Merely to drive the resisting soul out to the Judgment Hall of Osiris
would have involved leaving behind an astral corpse, which for some time
would have continued to give trouble.
It may be interesting to note in connection with this case that during
the time that Miss L. was at the occult college in Hampshire we had some
rather curious happenings. There was an outbreak among us of exceedingly
bad "mosquito
bites." The bites themselves were not poisonous, but the stabs were of
such a nature that they bled freely. I remember waking up one morning to
find a patch of blood the size of the palm of my hand on the pillow; it
had apparently come from a small puncture just behind the angle of the
jaw. Several others had similar experiences. I have never seen anything
like it, either before or since, nor did it occur again after Miss L.
left.
I
did not tell the adept Z. about it at the time, and later, when I was
reminded of the incident and mentioned it, the opportunity for
investigation had gone by. He expressed the opinion that it was a
vampire's work, and cited similar cases which he had met with in the
course of his experience. He said he had seen cases in Africa where the victim had become so bloodless that it was with
difficulty that a specimen of blood could be obtained for examination,
for it could hardly be induced to flow from the debilitated tissues.
Nothing can be done for such cases by medical science.

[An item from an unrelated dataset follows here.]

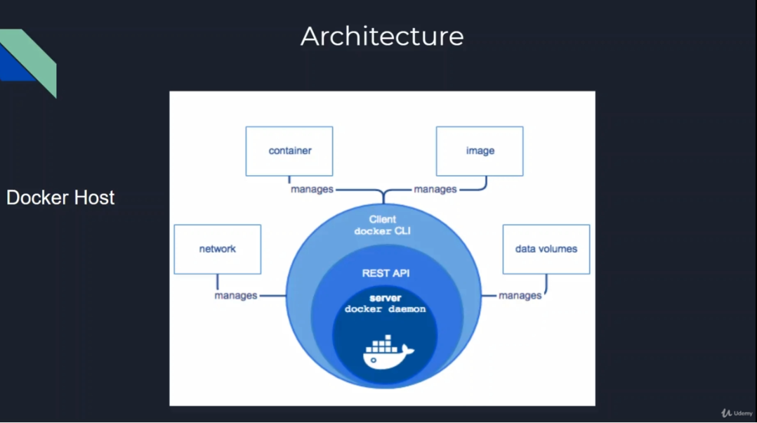 We need to know about Docker host. Once we install docker in a machine it becomes docker host.Docker host is the house of all the containers. So a Docker host is capable to run containers and build images in it. Docker daemon is a server and that is the process that started once docker is installed. Then docker ecosystem has a client. Client talk to the server through an API. And the docker daemon gives an answer back through the same API to the client. So when we write commands in docker we are actually writing REST API calls to the server and the server is giving back its response. And the docker client manages the network, container, image, data volumes.

They are dying by inches, and yet no organic disease can be
demonstrated. Nevertheless, their appearance is that of a person sinking
from repeated hemorrhages.
When vampirism is suspected the thing to do is to go over that person's
body inch by inch with a powerful magnifying glass, and the search will
probably be rewarded by the discovery of numerous minute punctures, so
minute that they are not discovered by an examination with the naked eye
unless they reveal themselves by becoming infected and suppurating, when
they are usually mistaken for insect bites. They are bites right enough,
but not those of an insect. The places to look for them are around the
neck, especially under the ears; down the inner surface of the forearms;
on the lobes of the ears; about the
tips of the toes and, in a woman, upon the breasts.
It is said that a person with vampire tendencies develops abnormally
long and sharp canine teeth, and I have myself seen one such case, and a
curious sight it was. The two canine teeth, the pair that come between
the incisors and the double teeth, were half as long again as the
others, and terminated in points of needle-like sharpness.
True vampirism in Western Europe appears to be rare, but Z. was of
the opinion that many obscure cases of tropical debility in which anemia
played a prominent part, might be attributed to this cause.